How the Senate’s New Health Bill Impacts Your Finances

Find out how the Senate's new proposal to overhaul Obamacare differs from its House counterpart.

How the Senate’s New Health Bill Impacts Your Finances Photo by Valeri Potapova / Shutterstock.com

The U.S. Senate’s Committee on the Budget unveiled its draft of a health care reform bill on Thursday afternoon.

This follows the U.S House of Representatives’ May vote in favor the American Health Care Act, designed to overhaul the Affordable Health Care Act, more commonly known as Obamacare.

The Senate committee’s move Thursday marks the first time that the majority of Republican senators themselves will get a good look at the committee’s proposal, CNN reports. The bill was drafted behind closed doors, for which it has drawn much scrutiny recently.

Senate Majority Leader Mitch McConnell kept the details secret until now so he could win over his colleagues in private, according to CNN. If he loses the votes of more than two Republican senators, the bill will fail to pass.

Failure is a possibility, with NBC News and other outlets reporting that at least three unidentified Republican senators are expected to announce their opposition to the bill.

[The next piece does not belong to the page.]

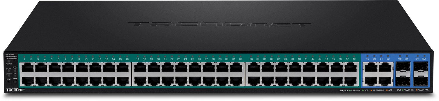El switch Gigabit Web Smart PoE+ de 52 puertos de TRENDnet, modelo TPE-5048WS, ofrece una funcionalidad de administración avanzada con capacidad de conmutación de 104Gbps. Este switch con opción de montaje en bastidor y compatible con IPv6 viene con una intuitiva interfaz basada en la web. Sus controles de administración avanzada del tráfico, resolución de problemas y monitorización SNMP lo convierten en una potente solución para redes de PyMES. El TPE-5048WS ofrece 48 puertos gigabit PoE+ con una potencia total disponible de 740W y cuatro puertos gigabit (RJ-45 o SFP). La norma PoE+ suministra hasta 30W de potencia por puerto para dispositivos como puntos de acceso wireless de alta potencia, cámaras de Internet con PTZ (movimiento vertical-horizontal y zoom), y sistemas de telefonía VoIP.

The Senate is expected to vote on the legislation as early as next week. If it does pass, Republicans’ quest to take a scalpel to Obamacare will be one significant step closer to reality.

How is the Senate’s health care reform bill different?

The New York Times has described the Senate’s version of the reform bill as, “in some respects, more moderate than the House bill, offering more financial assistance to some lower-income people to help them defray the rapidly rising cost of private health insurance.”

Extra Medicaid funding and tax increases established under Obamacare would be slashed, however.

Medicaid is a subsidized insurance program for low-income Americans. As we explained in “6 Hot-Button Issues in the Battle Over the GOP Health Care Plan,” Obamacare expanded the Medicaid program to bring care to more needy adults.

The Senate bill would scale back Medicaid. For example, by the Committee on the Budget’s own summation, in 2021 the proposed legislation would begin “gradual reductions in the amount of federal Obamacare funds provided to expand Medicaid, restoring levels of federal support to preexisting law by 2024 while providing fairness for [states that chose not to expand their Medicaid programs]. …”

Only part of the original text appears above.